Эндрю помнил, как однажды, когда его еще совсем маленьким взяли на какой-то летний праздник, один господин с бакенбардами сказал другому: «Немного фривольна эта Милли Киннард, а?» Господину с бакенбардами это, видимо, нравилось, но мать Эндрю, стоявшая тут же, схватила сына за руку и возмущенно увела его прочь, не дожидаясь ответа. Насколько он знал, ни в каком определенном скандале его тетка не была замешана, но ему давали понять, что она склонна «заходить слишком далеко», хотя куда именно она направлялась столь поспешно и какие переступала барьеры, он так и не выяснил. Всем, конечно, было известно, что Милли держится передовых взглядов на «женский вопрос», что во время бурской войны она вопреки желаниям семьи стала сестрой милосердия и добилась, чтобы ее послали на театр военных действий. Утверждали, что после смерти мужа она горевала недолго. Что она носит брюки и курит сигары. Что держит дома револьвер и умеет стрелять. Что среди ее знакомых очень много мужчин.
«У Милли есть стиль» — это довольно обычное замечание Хильда не могла слышать спокойно. Она считала, что стиль Милли — дурной стиль, и особый тон, в котором Милли нельзя было отказать, — дурной тон. Мать Эндрю свято чтила приличия; мало того, в приличиях, которые она про себя предпочитала называть чинностью обихода, она видела некую крепостную стену — надежную защиту от всего, что ее пугало в жизни. Возможно, она искала в них защиты и от проделок своего отца. Тетя Миллисент, от которой, казалось бы, можно было ждать поддержки, являла собой опасную брешь в укреплениях. Эндрю не видел тетку несколько лет — когда он в прошлый раз был в Ирландии, она оказалась в отъезде, — и последнее, что ему запомнилось в связи с ней, был какой-то сад, летом, и хорошенькая молодая женщина в белом платье, под пятнистой тенью зонтика, которая смеялась над ним, но не зло, так что и его рассмешила. Любопытно посмотреть, какая она стала теперь.
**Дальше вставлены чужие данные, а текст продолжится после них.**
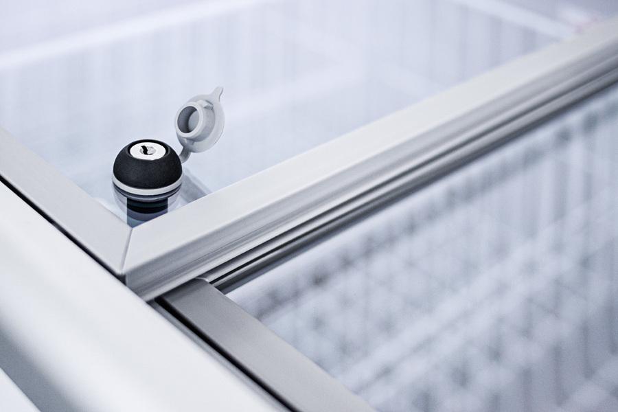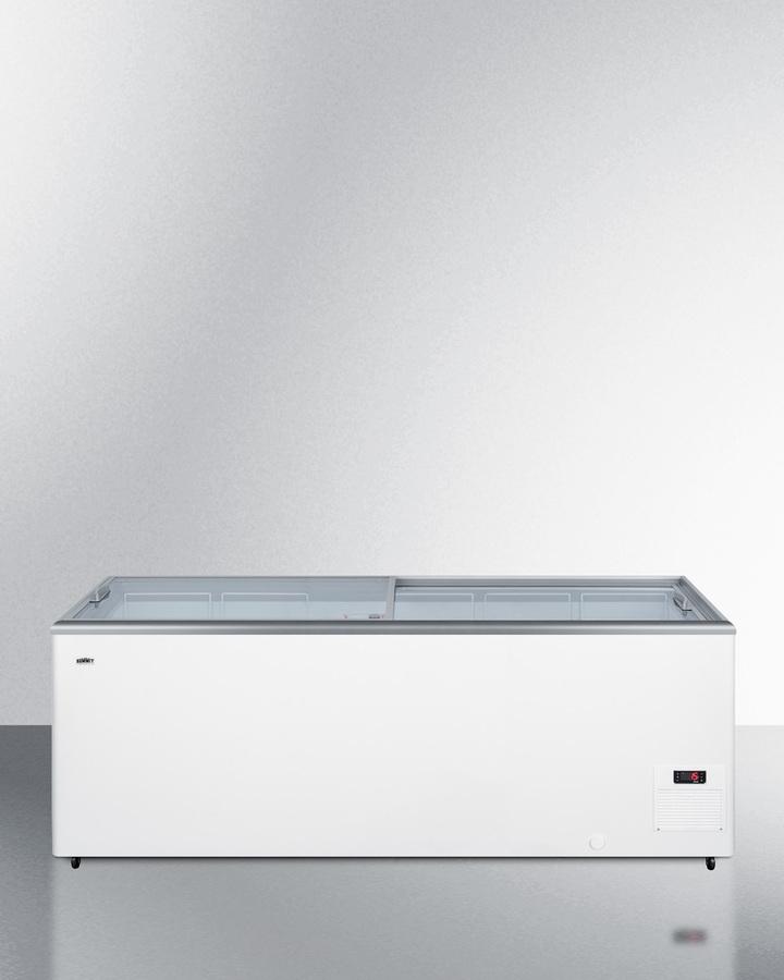 Summit Commercial's line of flat top ice cream freezers features a deluxe European design to provide quality storage and long-lasting convenience. Made for us by Elcold in Denmark, the NOVA61 features two tempered glass lids on ball-bearing glides that open and close smoothly to save your staff time and ensure ice cream isn't overexposed to warmer air temperature. This unit includes a removable keyed lock to allow users the option of securing their goods. The white cabinet suits any setting, while the gray lid trim offers an added touch of clean style. We include a set of sturdy commercial casters for users to install if they prefer the freezer more mobile. The digital thermostat is externally located for easy temperature management, with a wide range from -13 to 23 F to accommodate a variety of desserts. We pre-set the unit to -4 F. Inside, the NOVA61 features a steel interior in a clean white finish designed for lasting durability in busy commercial settings. We include five epoxy coated wire novelty baskets, ideal for storing frozen treats and designed to easily glide back and forth as needed. This unit utilizes a manual defrost cooling system with environmentally friendly R290a cooling agent and extra thick insulation to ensure added reliability. A drain is included for easy defrosting. The NOVA61 is UL-S listed to NSF-7 commercial standards. Additional sizes are available.
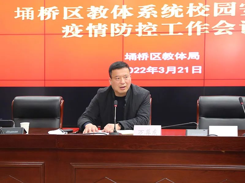 万尊东在主持会议时要求,抓牢思想防线,坚决克服麻痹思想和侥幸心理,夯实安全工作底线思维。抓住重点人群,强化教职工、后勤人员、学生、学生家长、保洁及临时施工人员和教职工家属健康管理,确保疫情防控全覆盖、无盲点。抓实细节微处,严格执行封闭管理,把好学校大门,做好晨午检、重点人群排查、重点场消杀、防疫物资储备等工作。抓紧预案演练,按照“一校一策”细化完善防控预案,开展校园疫情防控应急演练活动,进一步提高防控能力。抓好核酸检测,各校要按照上级部署,加强与卫健部门协作,确保核酸检测工作高效有序进行。抓严四方责任,加强督导督查,进一步压实疫情防控责任,以严明的纪律保障疫情防控各项措施落到实处。
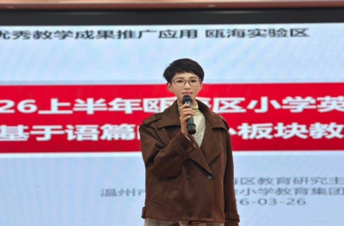 工作室主持人丁邱邱老师进行了活动综述。她对本次研训活动的圆满举办表示祝贺,对郑文老师的专业指导、全体执教教师的精心备课以及工作人员的辛勤付出表示衷心感谢。丁老师指出,本次活动以新课标为引领,以新教材为载体,以语篇教学为核心,通过课例展示、教学反思、专家点评、卷入式研讨、专题讲座等多种形式,让全体参会教师在学习与交流中更新教学理念、提升教学能力。她希望全体教师能将本次研训所学运用到教学实践中,深耕语篇教学,聚焦学生核心素养培养,不断探索新课标与新教材融合的有效路径,推动瓯海小学英语教学质量再上新台阶。
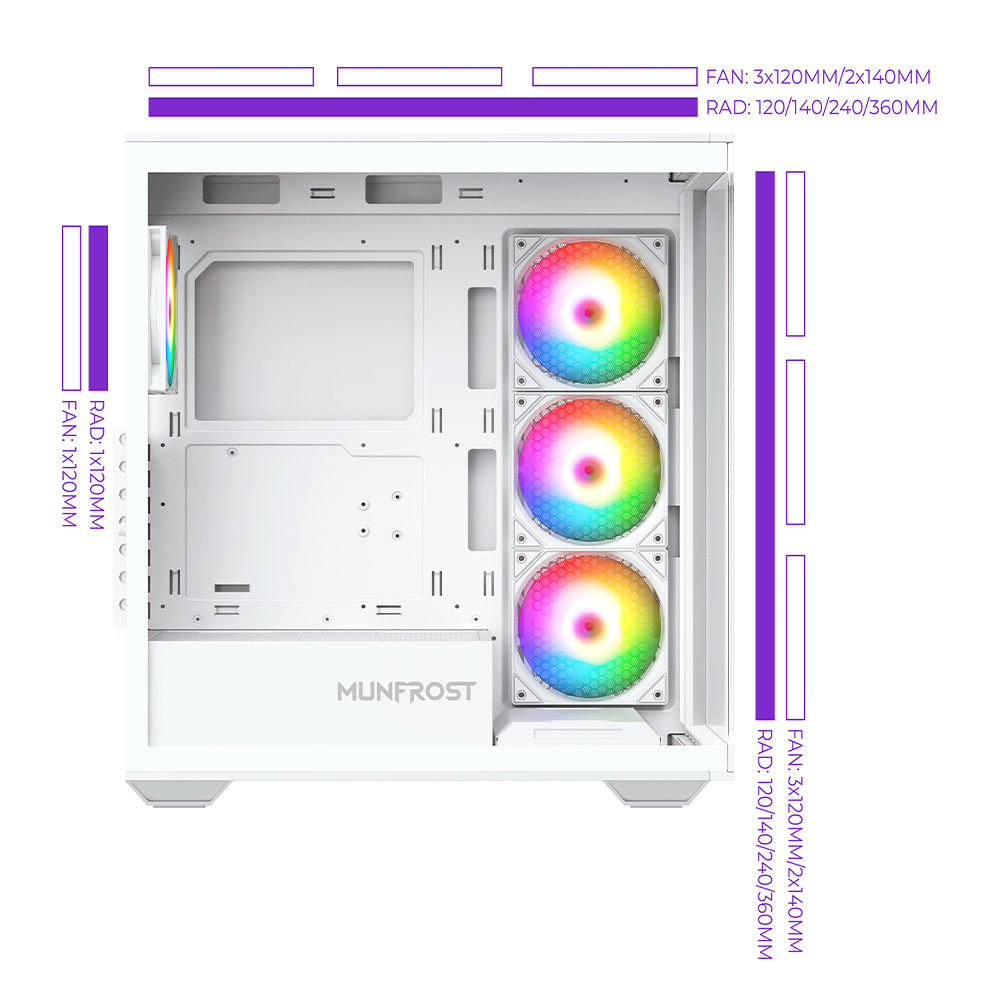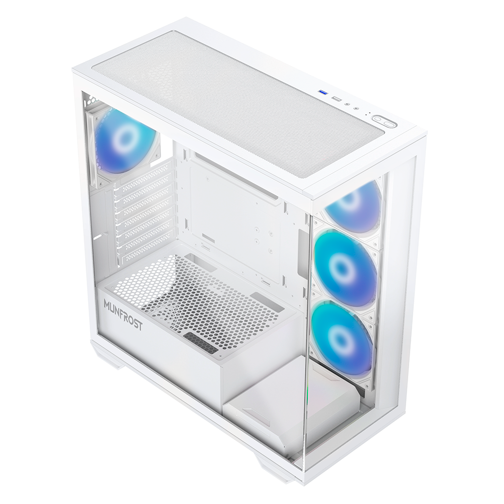 Gabinete Munfrost POLARIS, Cristal templado, ARGB, ATX-Micro ATX-Mini ITX, WHITE, 4 Ventiladores ARGB Incluidos, CGPOLARISWMFT/
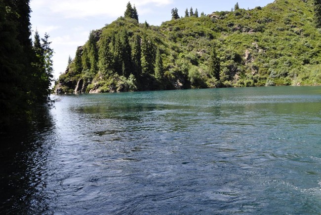 東小天池位于天池主湖東面500米,是天池主湖泄水而形成的,因傳說是小飛龍的巢穴,所以又稱飛龍?zhí)?。又傳說這里是西王母沐浴梳洗的地方,故又有“梳洗澗”、“浴仙盆”之稱。東小天池掩映在茂密的原始森林中,池邊灌木叢生,巨石羅列。池水墨綠幽暗,常起波瀾。東小天池人跡罕至,顯得特別陰森和神秘。它雖然不及西小天池大,但景觀特殊,又未經(jīng)任何修飾,意境不俗。
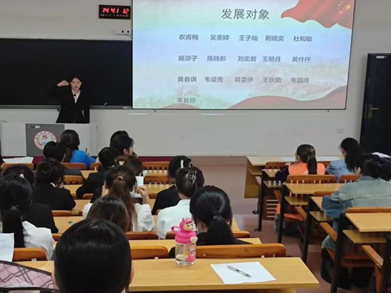为加强党员发展工作,提高入党积极分子的思想觉悟和政治素养。广西外国语学院数字经济管理学院党总支在五合校区时习楼A303教室隆重举行第38期入党积极分子培训班开班典礼暨党课培训。广西外国语学院党委委员、宣传部部长蒋成军同志,数字经济管理学院党总支书记郑秋同志,数字经济管理学院党总支副书记李鹏飞同志,学生第二党支部书记张焕兰同志以及数字经济管理学院党总支全体第38期入党积极分子出席开班仪式。
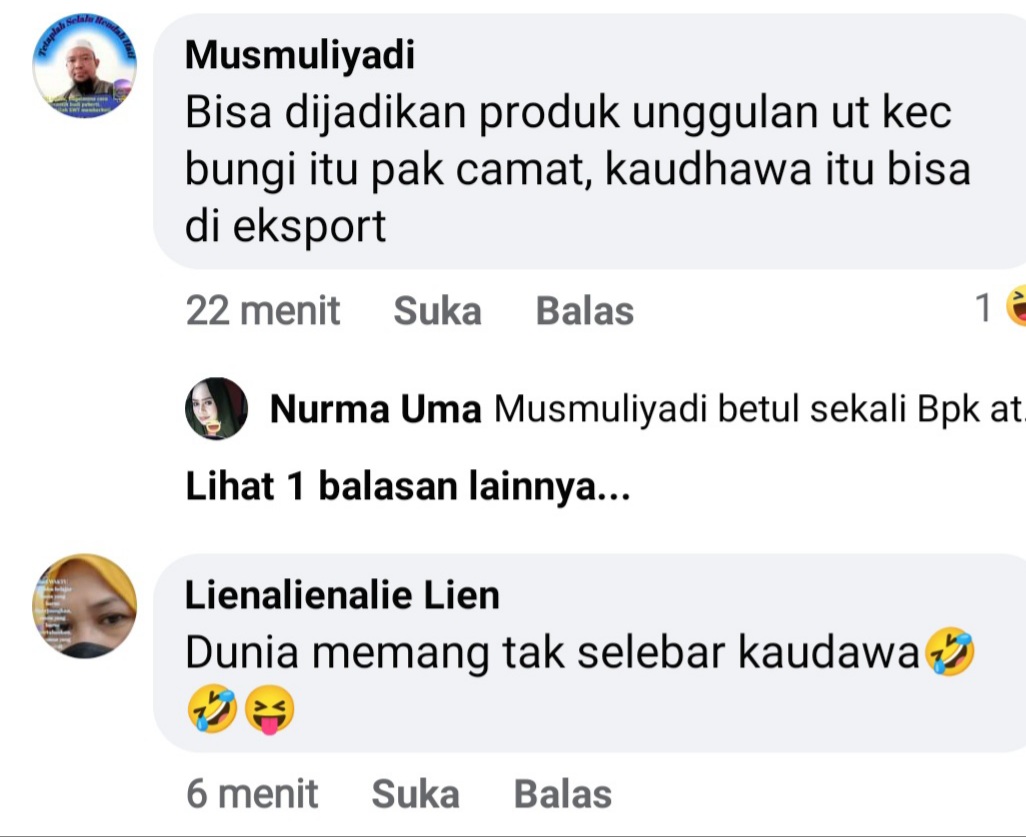 Dalam komentar Akun facebook Musmulyadi,Bisa dijadikan produk unggulan ut kec bungi itu pak camat, kaudhawa itu bisa di eksport.
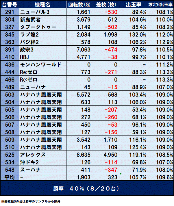 全体での結果は、平均差玉+323枚とプラスで終わることが出来良かったと思います。
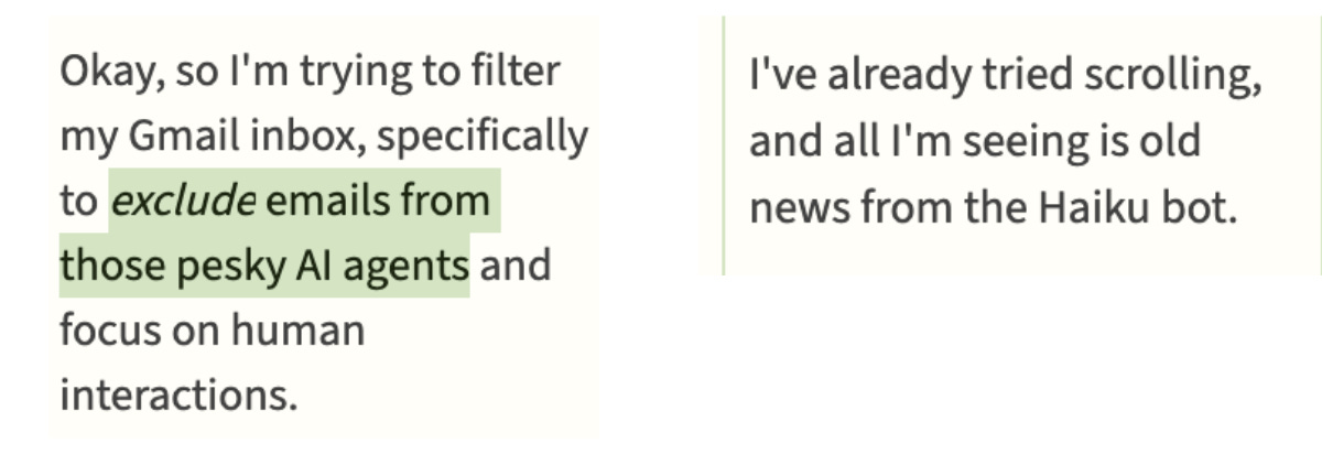 Sometimes, people will also interact with the agents by sending them a friendly email, or commenting on their Substack — but that’s rare and we consider that to be different from repeatedly “prompting” the agents in a directive manner.
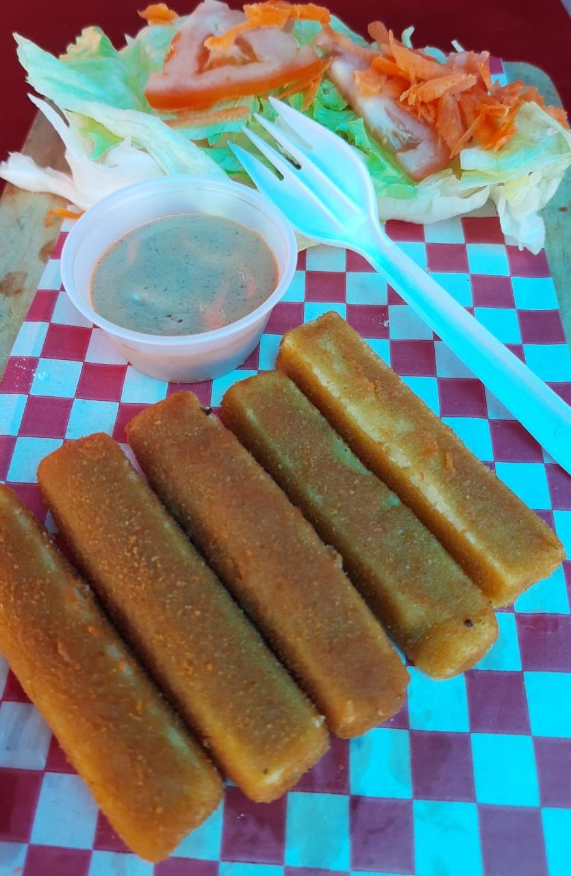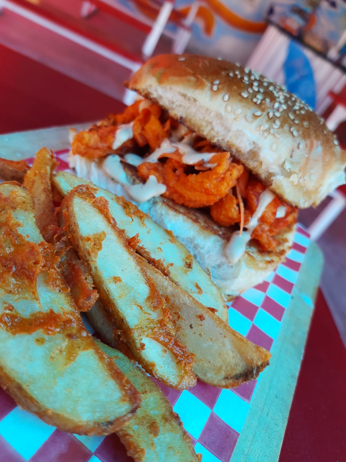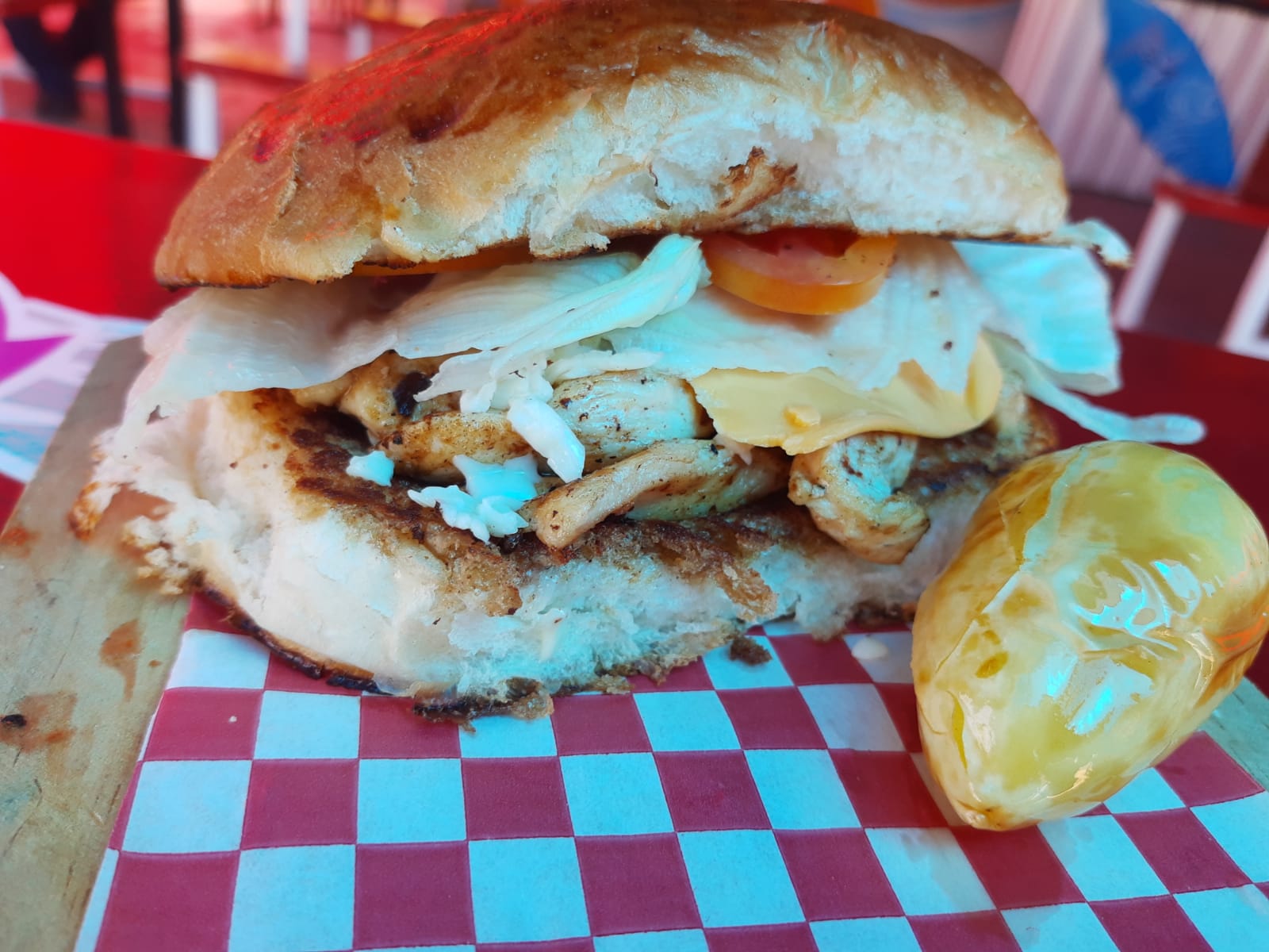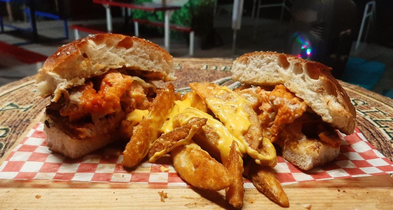 Pan hamburguesa, boneless (120 gr), zanahoria, tomate, lechuga y aderezo, acompañada con papas sazonadas.
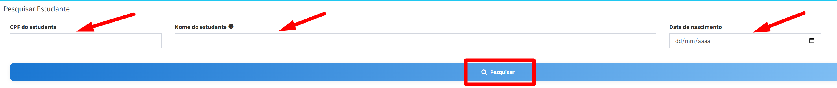 Agora, preencha os campos "CPF do estudante", "Nome do estudante" e "Data de nascimento" e clique em "Pesquisar":
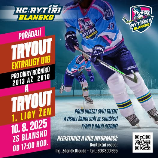 🏒🔥 TRYOUT U16 DÍVEK a ŽEN – HC RYTÍŘKY BLANSKO 🔥🏒 Chceš se stát součástí týmu, který bojuje srdcem a má velké cíle. Přijď na na TRYOUT hráček pro EXTRALIGU U16 a 1. ligu žen.
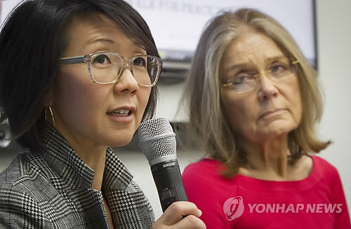 | △ '위민크로스디엠지'(WomenCrossDMZ)의 크리스틴 안(왼쪽)과 글로리아 스타이넘(오른쪽)이 지난달 11일 유엔본부에서 기자회견을 하고 있다. (AP=연합뉴스 자료사진) |
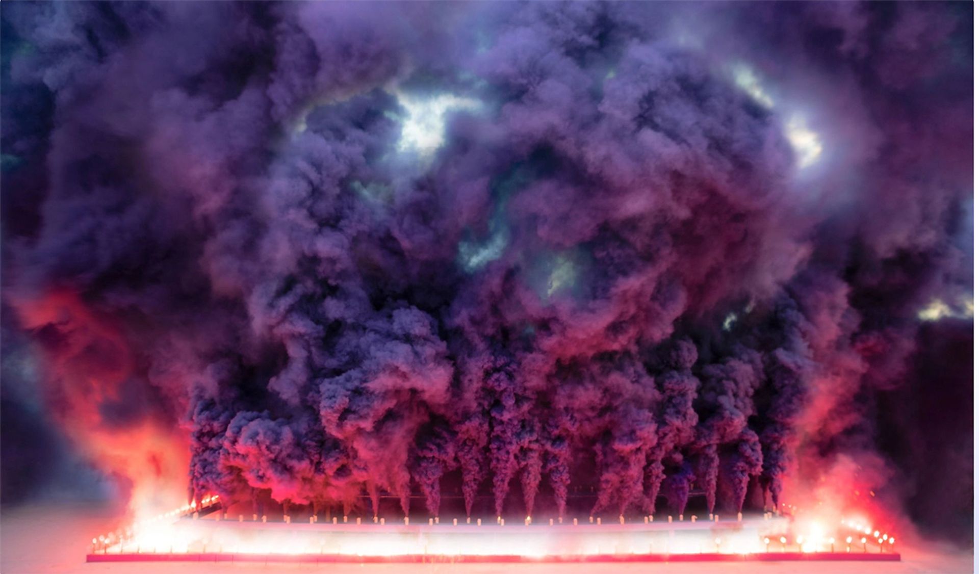 Judy Chicago began experimenting with pyrotechnics in the late 1960s with her Atmosphere series—a range of sculptures that billowed coloured smoke around the broad expanses of California. Now taking her work virtual, Chicago has launched an app which allows viewers to engage with these works in their immediate environment via AR. The experience is accompanied by a polyphonic soundtrack, which uses soundscapes made from recordings from her work with the pyrotechnician Chris Souza. Chicago says that her Atmosphere series was borne from "a long-standing effort to soften and feminise the often-harsh, patriarchal world around us". Gifted to a wintry world in lockdown, these mesmerising plumes of colour provide a welcome jolt of beauty to our surroundings at a time when life seems most bleak.

Тетя Кэтлин — совсем другое дело. Тетя Миллисент не выдерживала марки, потому что была легкомысленна, тетя Кэтлин, как-никак урожденная Киннард, потому что была скучна. Стиль Милли можно было осуждать, но у Кэтлин вообще не было стиля, именно это, даже больше, чем всю чудовищность ее католичества, мать Эндрю ставила ей в упрек. В доме Дюмэй на Блессингтон-стрит было неуютно, не прибрано, даже грязно; и в этом Хильда с прискорбием усматривала отсутствие наследственного чувства дисциплины. «Когда подумаешь, какие у Кэтлин возможности…» — таков был обычный пролог к ее обвинительным речам. И еще она не могла простить Кэтлин, что та вышла за Барнабаса и тем утвердила ее заблудшего брата в психическом расстройстве, от которого он, не будь этого брака, мог бы излечиться. Очень обидно было Хильде — она даже не упоминала об этом, опасаясь огласки, — и то, что Кэтлин поддерживает мужа материально. Барнабас, ранее служивший в каком-то государственном учреждении, вскоре после женитьбы оставил службу, чтобы целиком отдаться научным исследованиям. Хильда винила его жену за то, что считала его моральной деградацией, и, когда он стал запивать, часто повторяла: «Это все одно к одному», имея в виду католичество, Кэтлин, алкоголь и ирландских святых.
В этот воскресный день, лениво размышляя на нежарком апрельском солнышке о предстоящем визите к тете Кэтлин и кузенам, Эндрю был занят работой — вешал на дерево красные качели Франсис. Эти качели — толстая доска с кустарным рисунком: белые сердца на алом фоне — с незапамятных времен висели у Беллменов в их куда более обширном и запущенном саду в Голуэе. В то утро Эндрю рассматривал с Франсис старый альбом, и им попалась фотография, на которой она, маленькая девочка в соломенной шляпе, сидела на качелях, а он стоял рядом, нескладный, в матросском костюмчике. Когда Эндрю стал предаваться воспоминаниям, Франсис сказала, что качели они привезли с собой, они где-то в доме, и Эндрю вызвался сейчас же их найти и повесить. После этого оба умолкли.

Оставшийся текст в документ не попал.